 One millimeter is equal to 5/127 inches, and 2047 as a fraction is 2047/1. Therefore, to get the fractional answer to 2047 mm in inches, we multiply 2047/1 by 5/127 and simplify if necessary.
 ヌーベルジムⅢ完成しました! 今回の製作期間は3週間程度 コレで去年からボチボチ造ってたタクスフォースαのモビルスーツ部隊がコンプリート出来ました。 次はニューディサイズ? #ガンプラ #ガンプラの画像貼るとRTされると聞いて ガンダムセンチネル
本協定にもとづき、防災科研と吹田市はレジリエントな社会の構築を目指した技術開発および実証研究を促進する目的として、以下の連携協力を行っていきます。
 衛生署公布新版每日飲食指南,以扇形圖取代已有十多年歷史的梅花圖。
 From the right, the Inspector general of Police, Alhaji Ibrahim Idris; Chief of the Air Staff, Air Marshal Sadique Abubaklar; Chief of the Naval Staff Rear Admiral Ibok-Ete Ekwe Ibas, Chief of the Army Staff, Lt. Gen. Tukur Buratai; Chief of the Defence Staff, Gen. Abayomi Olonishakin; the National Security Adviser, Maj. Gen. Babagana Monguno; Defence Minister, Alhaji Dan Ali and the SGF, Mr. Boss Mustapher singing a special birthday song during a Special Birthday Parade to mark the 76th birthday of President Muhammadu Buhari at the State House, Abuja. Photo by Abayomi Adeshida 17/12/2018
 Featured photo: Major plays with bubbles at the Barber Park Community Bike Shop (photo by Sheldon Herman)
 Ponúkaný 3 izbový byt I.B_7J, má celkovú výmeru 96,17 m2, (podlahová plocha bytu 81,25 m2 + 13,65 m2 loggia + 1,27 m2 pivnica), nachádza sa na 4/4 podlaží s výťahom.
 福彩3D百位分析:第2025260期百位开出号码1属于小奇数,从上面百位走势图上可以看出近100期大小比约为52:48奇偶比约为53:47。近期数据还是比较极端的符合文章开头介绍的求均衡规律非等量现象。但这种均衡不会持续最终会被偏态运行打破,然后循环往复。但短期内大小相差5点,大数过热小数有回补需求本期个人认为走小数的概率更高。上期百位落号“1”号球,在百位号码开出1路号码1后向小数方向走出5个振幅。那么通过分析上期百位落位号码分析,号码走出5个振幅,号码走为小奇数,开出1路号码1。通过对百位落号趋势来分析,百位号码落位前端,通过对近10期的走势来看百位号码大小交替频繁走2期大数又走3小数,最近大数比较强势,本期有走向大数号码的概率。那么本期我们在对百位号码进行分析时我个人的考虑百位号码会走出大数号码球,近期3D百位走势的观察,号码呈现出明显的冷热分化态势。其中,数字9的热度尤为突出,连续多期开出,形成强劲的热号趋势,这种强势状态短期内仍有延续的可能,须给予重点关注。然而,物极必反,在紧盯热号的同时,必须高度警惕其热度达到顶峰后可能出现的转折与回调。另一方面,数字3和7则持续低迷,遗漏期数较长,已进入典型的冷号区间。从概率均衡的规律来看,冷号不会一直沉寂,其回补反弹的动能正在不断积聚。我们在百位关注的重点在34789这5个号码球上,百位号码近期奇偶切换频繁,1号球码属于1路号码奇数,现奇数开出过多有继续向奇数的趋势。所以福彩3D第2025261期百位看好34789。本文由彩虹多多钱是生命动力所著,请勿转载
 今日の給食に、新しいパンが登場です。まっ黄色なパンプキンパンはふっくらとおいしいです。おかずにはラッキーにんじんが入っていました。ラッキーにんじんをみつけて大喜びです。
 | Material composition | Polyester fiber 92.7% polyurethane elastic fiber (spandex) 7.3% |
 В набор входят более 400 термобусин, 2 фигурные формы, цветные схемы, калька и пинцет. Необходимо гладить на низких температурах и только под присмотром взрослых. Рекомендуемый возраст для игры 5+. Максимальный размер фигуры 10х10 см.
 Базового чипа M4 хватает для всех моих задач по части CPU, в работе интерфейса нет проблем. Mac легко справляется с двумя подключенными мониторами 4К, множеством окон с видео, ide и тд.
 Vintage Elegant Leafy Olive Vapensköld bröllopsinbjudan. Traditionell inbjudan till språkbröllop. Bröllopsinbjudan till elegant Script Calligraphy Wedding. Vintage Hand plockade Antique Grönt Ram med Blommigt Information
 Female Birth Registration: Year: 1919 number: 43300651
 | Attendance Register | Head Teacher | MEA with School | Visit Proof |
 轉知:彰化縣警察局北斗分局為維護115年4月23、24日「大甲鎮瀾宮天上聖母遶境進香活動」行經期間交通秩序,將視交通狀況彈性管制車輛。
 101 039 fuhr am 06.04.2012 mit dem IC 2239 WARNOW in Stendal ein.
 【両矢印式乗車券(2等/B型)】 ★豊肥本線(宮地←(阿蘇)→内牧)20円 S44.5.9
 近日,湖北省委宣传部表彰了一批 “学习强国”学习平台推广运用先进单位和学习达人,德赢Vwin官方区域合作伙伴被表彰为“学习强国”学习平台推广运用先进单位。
§
• INSTRUCTIONS FOR THE TASK
Where a line of the data above includes the string "with", pull it out.

• SOLUTION BELOW
 Featured photo: Major plays with bubbles at the Barber Park Community Bike Shop (photo by Sheldon Herman)
 | Attendance Register | Head Teacher | MEA with School | Visit Proof |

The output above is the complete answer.